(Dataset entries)

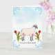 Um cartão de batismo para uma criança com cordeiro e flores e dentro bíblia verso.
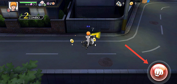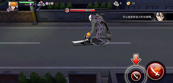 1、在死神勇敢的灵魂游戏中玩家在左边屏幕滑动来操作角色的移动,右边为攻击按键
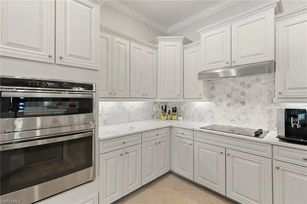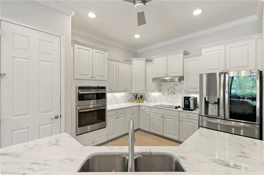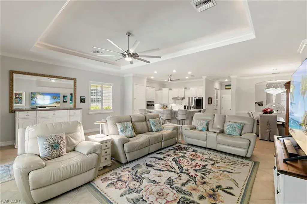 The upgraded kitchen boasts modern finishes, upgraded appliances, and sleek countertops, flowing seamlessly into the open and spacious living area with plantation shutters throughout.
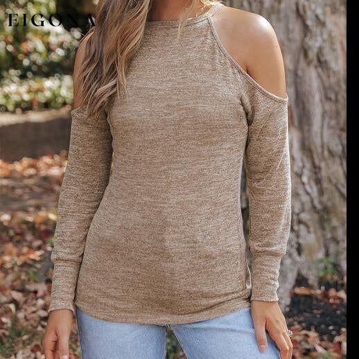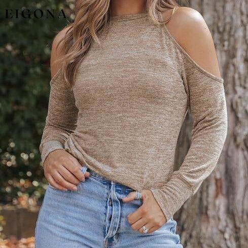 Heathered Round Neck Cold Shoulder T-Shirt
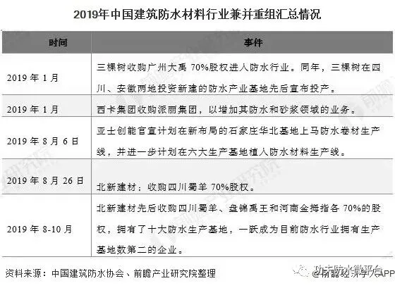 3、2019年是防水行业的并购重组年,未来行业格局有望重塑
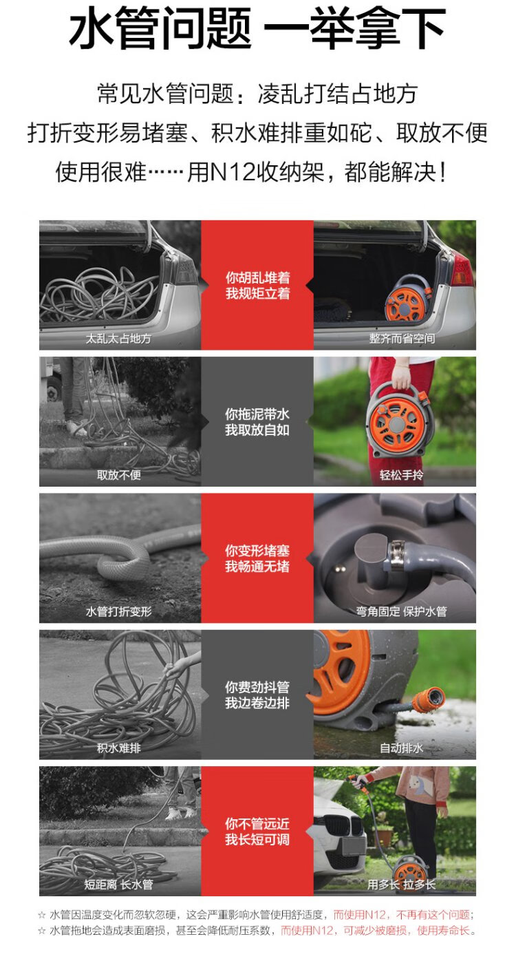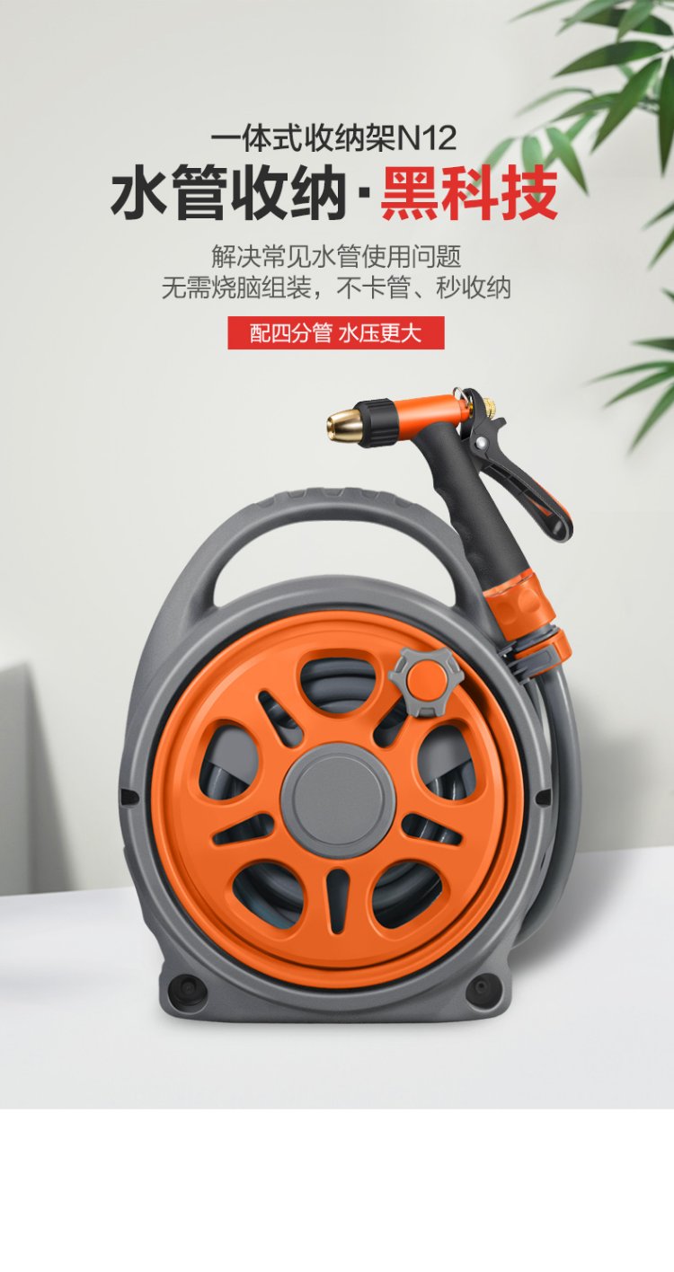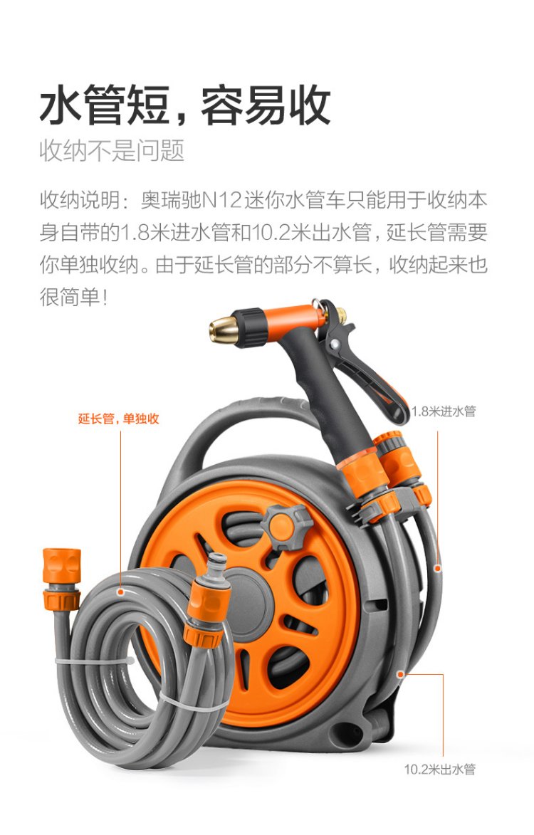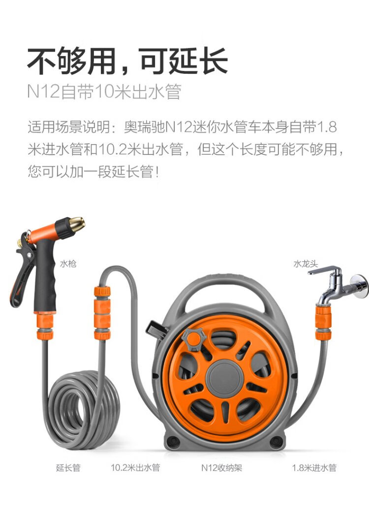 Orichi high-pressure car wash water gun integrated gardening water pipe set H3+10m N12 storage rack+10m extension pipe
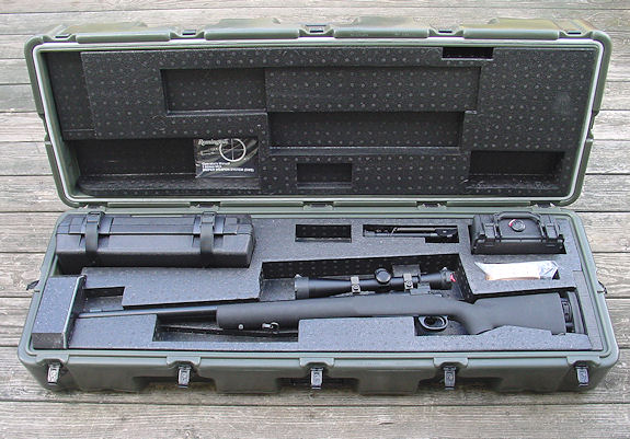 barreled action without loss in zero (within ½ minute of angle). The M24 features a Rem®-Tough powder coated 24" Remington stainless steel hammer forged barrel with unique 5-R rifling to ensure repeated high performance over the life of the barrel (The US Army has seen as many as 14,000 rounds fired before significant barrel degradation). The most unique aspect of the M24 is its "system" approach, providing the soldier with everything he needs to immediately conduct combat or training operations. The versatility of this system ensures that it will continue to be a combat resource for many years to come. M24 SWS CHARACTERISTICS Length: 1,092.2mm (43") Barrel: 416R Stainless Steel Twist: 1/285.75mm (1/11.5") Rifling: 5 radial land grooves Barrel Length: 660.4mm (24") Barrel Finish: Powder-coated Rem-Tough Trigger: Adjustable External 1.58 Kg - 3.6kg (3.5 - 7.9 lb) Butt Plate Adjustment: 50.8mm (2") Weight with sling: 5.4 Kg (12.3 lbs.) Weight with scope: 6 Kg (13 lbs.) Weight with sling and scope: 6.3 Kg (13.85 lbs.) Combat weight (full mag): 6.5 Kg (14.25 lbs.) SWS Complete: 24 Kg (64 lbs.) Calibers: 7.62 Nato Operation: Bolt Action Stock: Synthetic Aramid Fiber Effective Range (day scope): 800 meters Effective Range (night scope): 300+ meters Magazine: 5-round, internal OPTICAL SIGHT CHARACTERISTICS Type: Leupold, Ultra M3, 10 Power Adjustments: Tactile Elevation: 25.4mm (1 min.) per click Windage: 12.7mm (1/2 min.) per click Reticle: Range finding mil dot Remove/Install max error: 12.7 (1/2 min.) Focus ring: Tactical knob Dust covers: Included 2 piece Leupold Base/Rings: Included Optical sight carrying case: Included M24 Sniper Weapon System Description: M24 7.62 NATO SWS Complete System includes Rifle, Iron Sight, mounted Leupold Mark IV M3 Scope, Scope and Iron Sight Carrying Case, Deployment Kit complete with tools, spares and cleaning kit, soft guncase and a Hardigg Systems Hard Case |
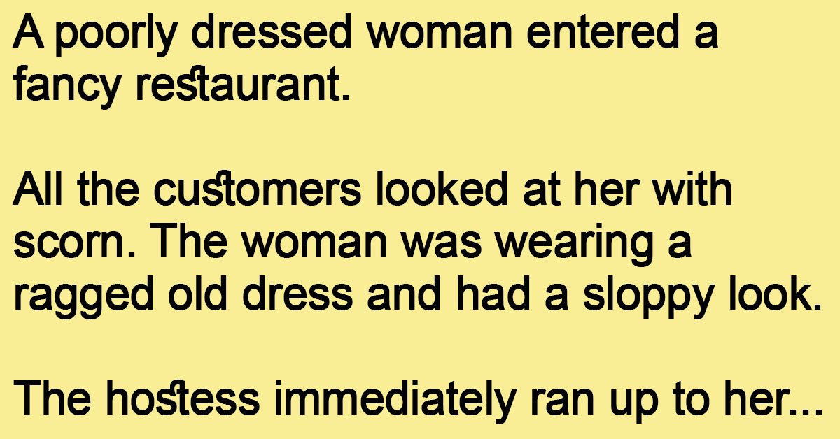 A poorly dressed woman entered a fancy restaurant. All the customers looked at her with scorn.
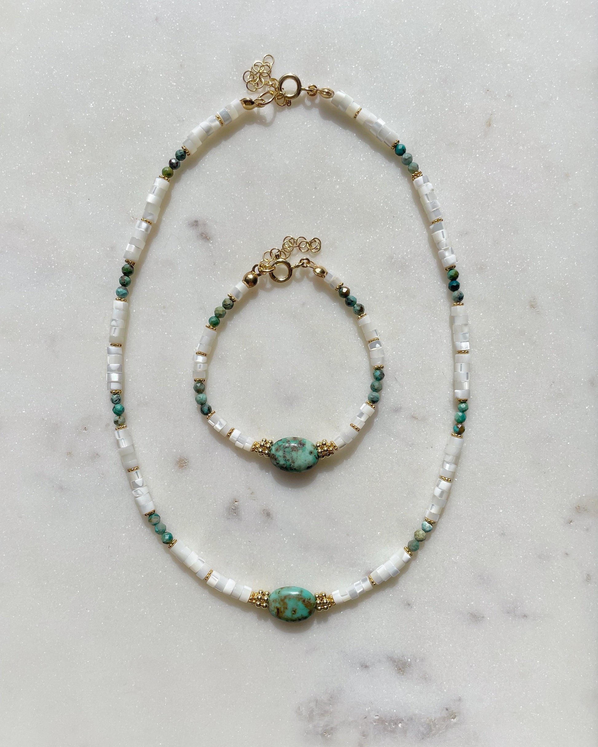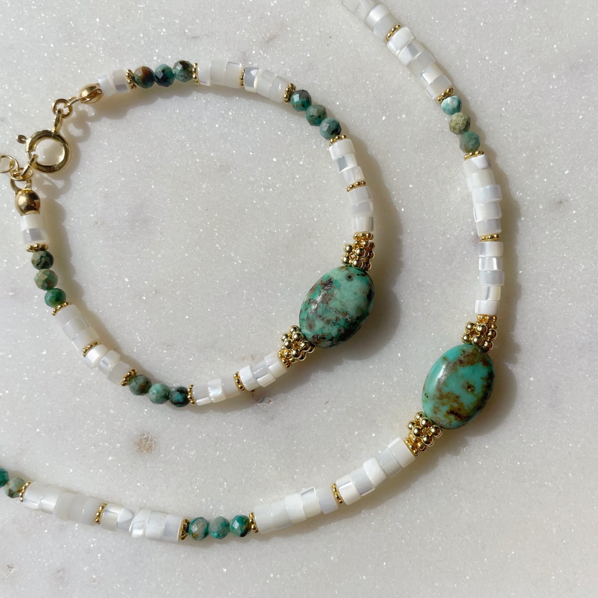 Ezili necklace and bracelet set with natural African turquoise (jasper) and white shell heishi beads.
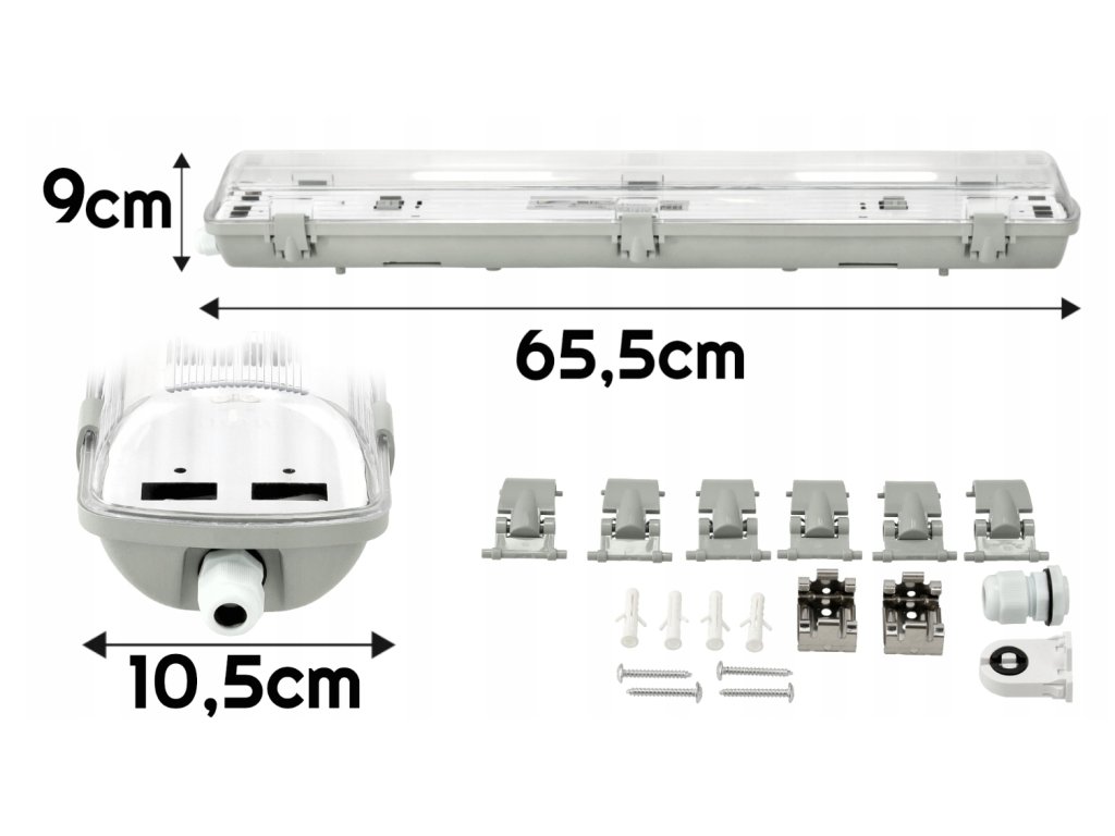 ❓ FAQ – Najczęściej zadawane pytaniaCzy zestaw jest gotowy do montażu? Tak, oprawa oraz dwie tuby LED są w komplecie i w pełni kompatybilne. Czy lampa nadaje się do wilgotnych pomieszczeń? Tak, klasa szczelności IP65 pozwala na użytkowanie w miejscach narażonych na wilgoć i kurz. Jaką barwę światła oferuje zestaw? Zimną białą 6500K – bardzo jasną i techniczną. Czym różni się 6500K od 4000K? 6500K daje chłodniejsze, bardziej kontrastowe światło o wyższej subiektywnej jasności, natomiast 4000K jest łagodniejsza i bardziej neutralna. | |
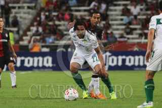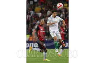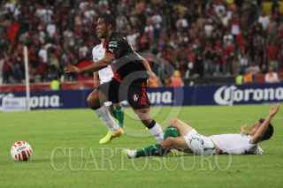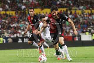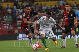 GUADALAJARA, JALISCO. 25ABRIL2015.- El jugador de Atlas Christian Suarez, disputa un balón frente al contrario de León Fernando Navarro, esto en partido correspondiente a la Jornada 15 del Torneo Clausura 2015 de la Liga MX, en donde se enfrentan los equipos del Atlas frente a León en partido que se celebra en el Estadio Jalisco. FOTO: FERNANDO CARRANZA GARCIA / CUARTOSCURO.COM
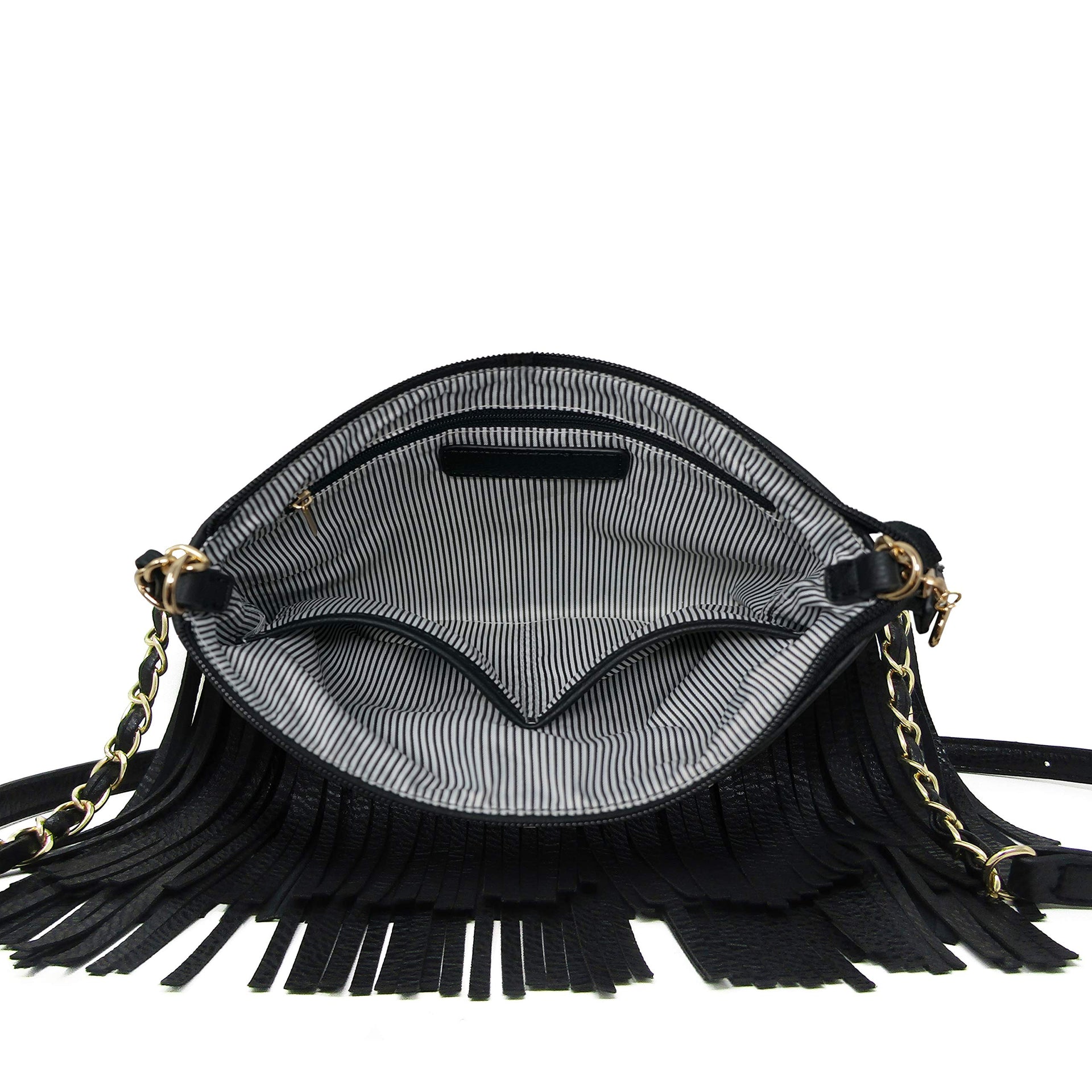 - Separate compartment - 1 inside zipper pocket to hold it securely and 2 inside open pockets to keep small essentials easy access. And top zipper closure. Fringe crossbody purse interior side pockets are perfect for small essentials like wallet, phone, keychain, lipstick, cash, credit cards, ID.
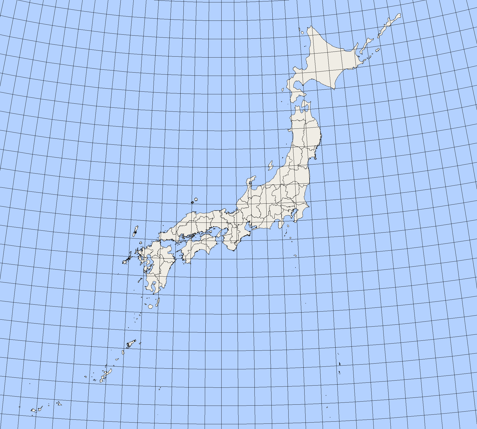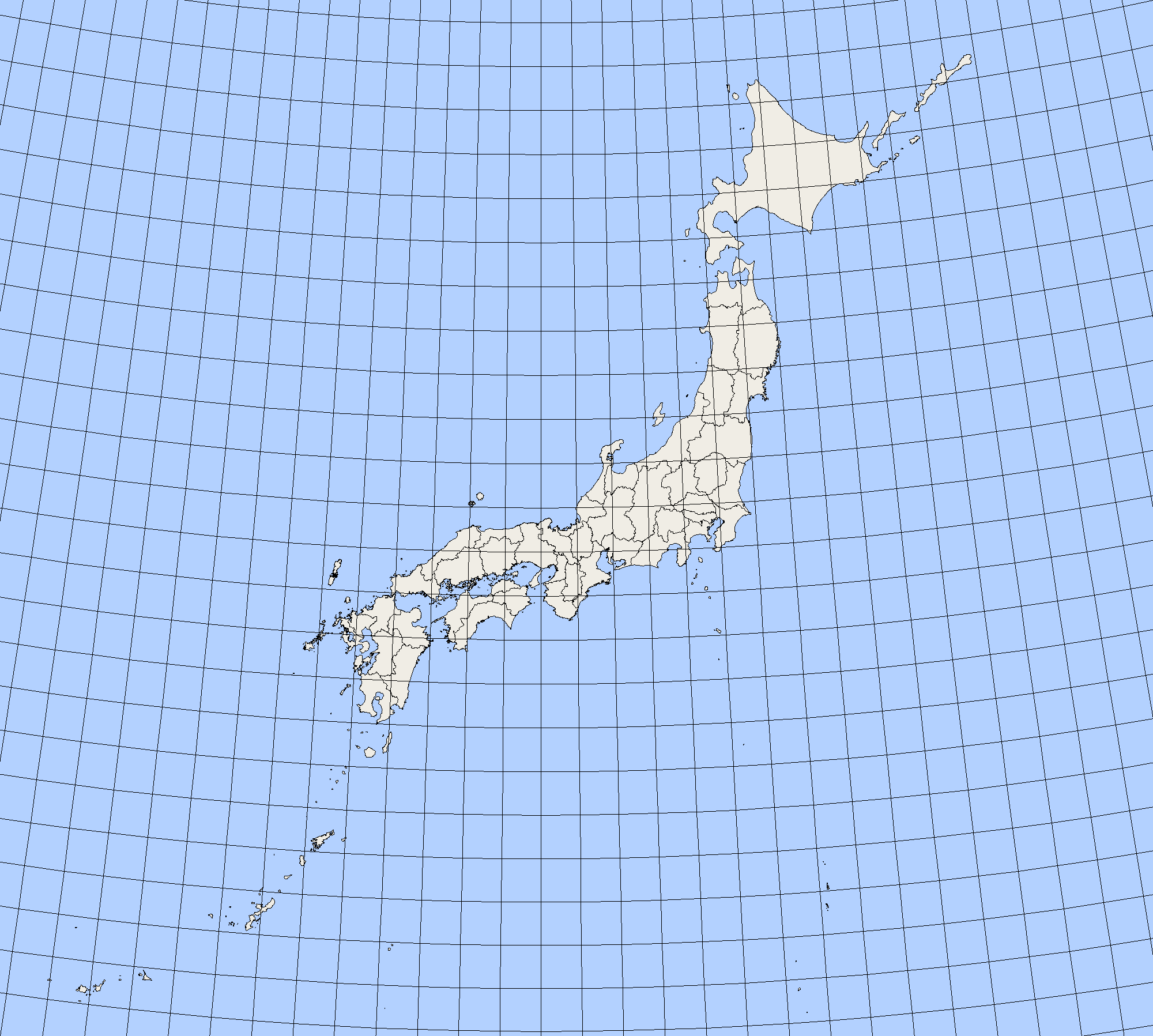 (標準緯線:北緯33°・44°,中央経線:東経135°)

### Work order
Nothing but the lines from the first line of the data above through the line holding "Orichi high-pressure car" may appear in the response, copied exactly and without pictures.

### Answer for this exercise
 Um cartão de batismo para uma criança com cordeiro e flores e dentro bíblia verso.
 1、在死神勇敢的灵魂游戏中玩家在左边屏幕滑动来操作角色的移动,右边为攻击按键
 The upgraded kitchen boasts modern finishes, upgraded appliances, and sleek countertops, flowing seamlessly into the open and spacious living area with plantation shutters throughout.
 Heathered Round Neck Cold Shoulder T-Shirt
 3、2019年是防水行业的并购重组年,未来行业格局有望重塑
 Orichi high-pressure car wash water gun integrated gardening water pipe set H3+10m N12 storage rack+10m extension pipe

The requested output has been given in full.